I Sette Peccati Capitali Giovanni Delvecchio

“I sette peccati capitali” di Giovanni Delvecchio

Diverse le opere che celebrano il legame dell’uomo con la natura, come Fermata di Yuyu Zhao, Essere Albero di Jennifer Lagorio e Foresta umana di Lorenzo Scarpellini, mentre Manuela Flamigni, in La testa sotto il volto, indaga la dimensione astratta separando il volto, inteso come maschera, dalla testa, dove si cela l’urlo dell’inconscio.
C’è chi gioca con il tema della deformazione del corpo, lacerandolo in brandelli aggrovigliati come Giovanni Delvecchio in I sette peccati capitali o, nel caso di Never Give Up di Silvia Pasi, facendogli compiere azioni estreme, inumane. In alcune opere il tema della fragilità è trasferito al supporto materiale: Alexandra Miteva si richiama ai graffiti primitivi nei suoi Ricordi, Rebecca Fornaciari copre con il gesso i volti ritratti in una fotografia: è la metafora del silenzio, «una rarità all’interno di una società che ti obbliga ad esporti».

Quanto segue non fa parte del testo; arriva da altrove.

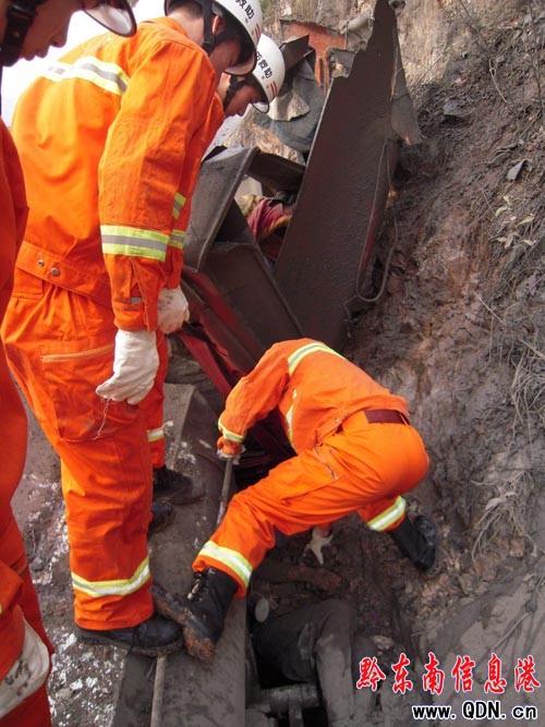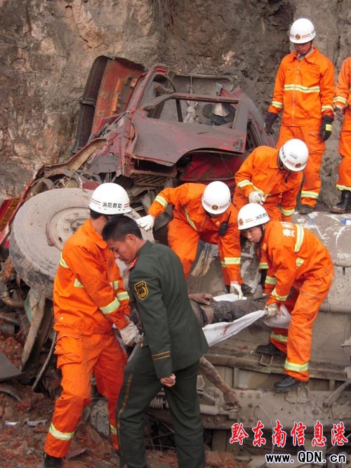 7時30分許,凱里消防趕到了現場。消防官兵偵查發現,司機被卡在了車身與石壁之間,被水泥掩埋了。隨后,一名消防隊員主動請纓“鉆”進車下,利用雙手刨開掩蓋司機的水泥 ,把司機拉了出來,但司機因傷勢過重已經死亡。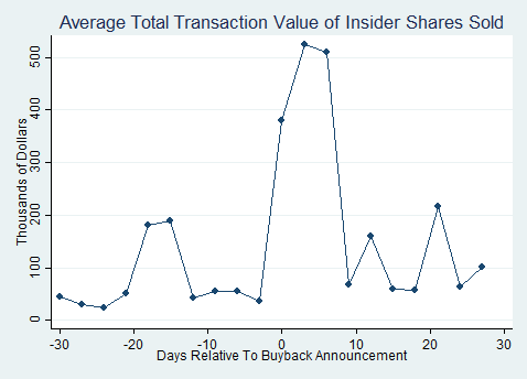 And they tend to sell in unusually large size. According to Jackson, during the eight days following a buyback announcement, executives on average sell more than $500,000 worth of stock each day—a fivefold increase from their typical selling.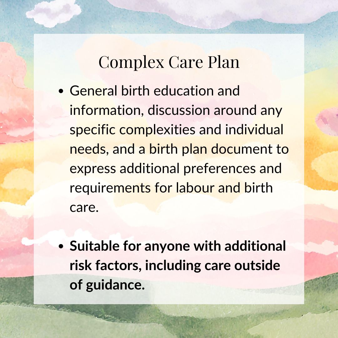 Our birth planning support includes birth education to give you a broad understanding of all the options. We'll gather some initial information about you, your pregnancy, and your preferences allowing us to prepare in advance of meeting you. In your appointment there will be opportunity to ask questions, explore topics of interest, and discuss the evidence base for your care. Finally, we'll compile your preferences, plans and any individualised care requirements into a birth plan document that you can then keep and circulate to your care providers.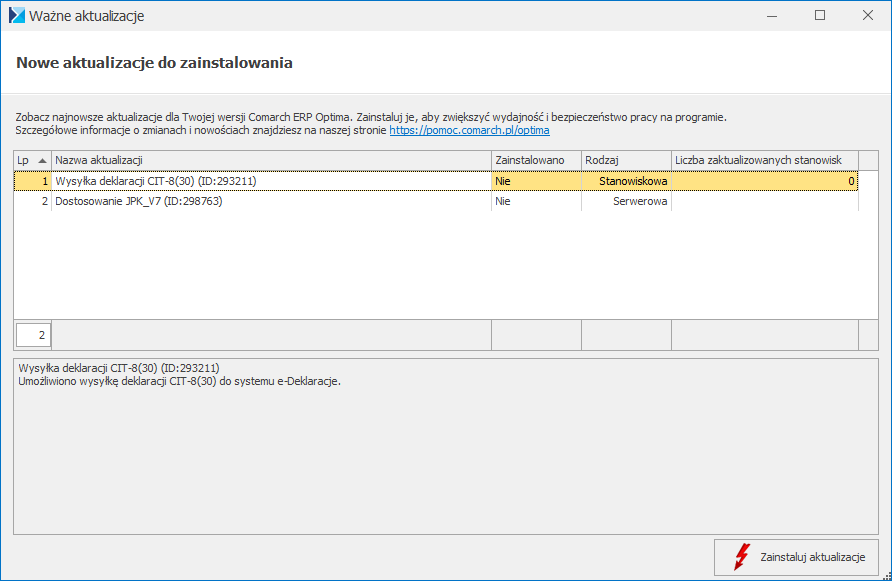 - rodzajem aktualizacji (Stanowiskowa / Serwerowa)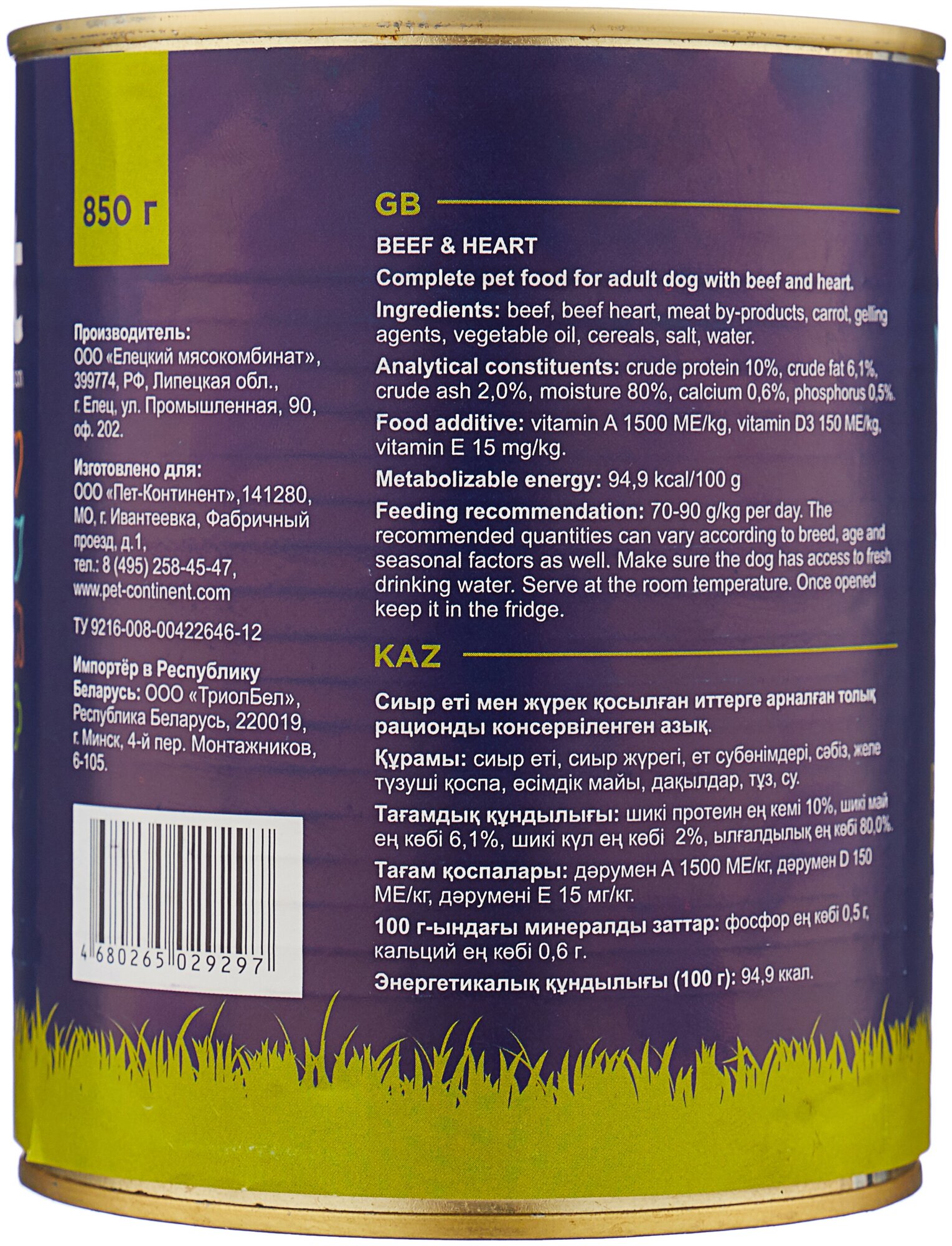 Корм для собак BRIT Полнорационный консервированный корм Brit для собак всех пород говядина и сердце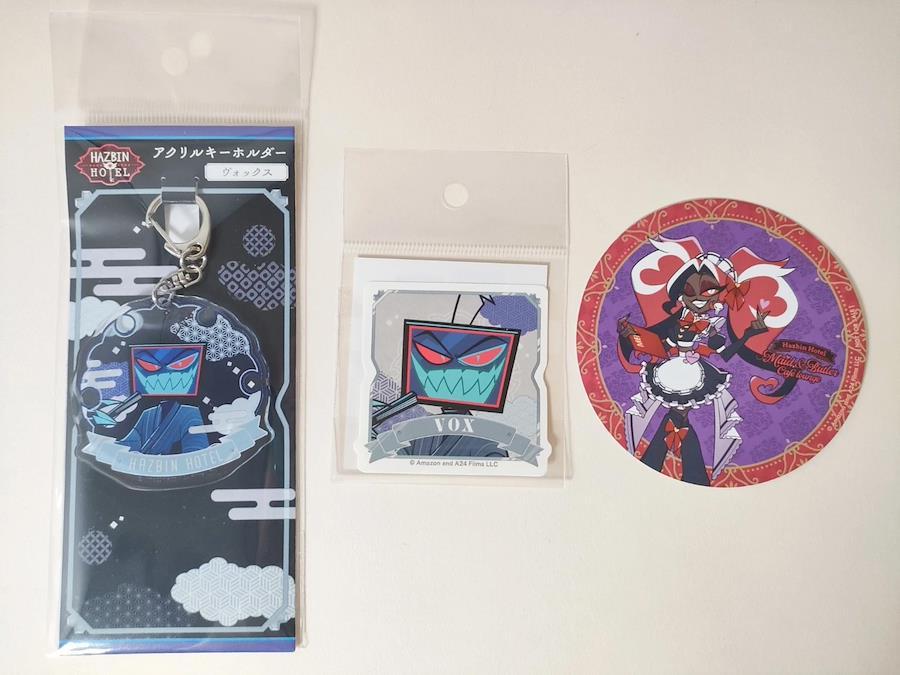 This rare set includes Vox’s Acrylic Keychain and Sticker from the Animate collaboration,and Velvet’s Cafe Coaster from the Animate Cafe event —items that were only available in Japan, making them must-have collectibles for Hazbin Hotel fans around the world.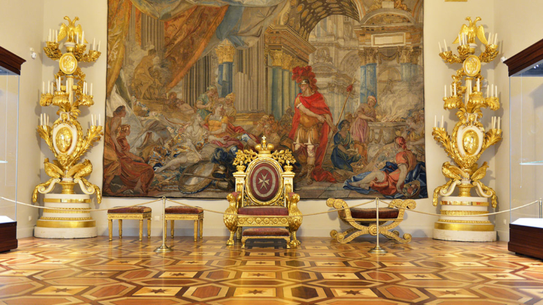 Трон и обитая малиновым бархатом подножная скамеечка на орлиных лапах являются уникальными и имеют высокую историческую и культурную значимость.

L’Attrazione di Andrea Mandalari è un corpo che svanisce verso l’alto mentre è trattenuto a terra da una pietra, mentre Arianna Zama (Appunti per un reliquiario) riproduce la «conservazione rituale di chi non c’è più da parte di chi resta» .

E poi ancora gli Spazi Vitali di Daniela Guzzinati, il Senza titolo di Luca Cavicchi, Organi Vegetali di Lia Maggioli e i lavori a penna di Antonluca Cavicchia, che in Un ottico (I e II) si rifà al brano di De Andrè per raffigurare un mondo visionario visto attraverso lenti speciali.

Chiudono il ciclo Jessica Mascia con Sfuggente e Matteo Drudi conPreghiera , entrambi presenti nel foyer. Il libro-scultura di Drudi, essendo utilizzato anche come oggetto di scena, sarà esposto solo quando non sarà rappresentata Norma.

La mostra, curata da Maria Rita Benini e Nicola Cucchiaro, è aperta agli spettatori nei giorni della trilogia e in due date straordinarie: lunedì 4 novembre (14.30–19.30) e domenica 10 novembre (10–13).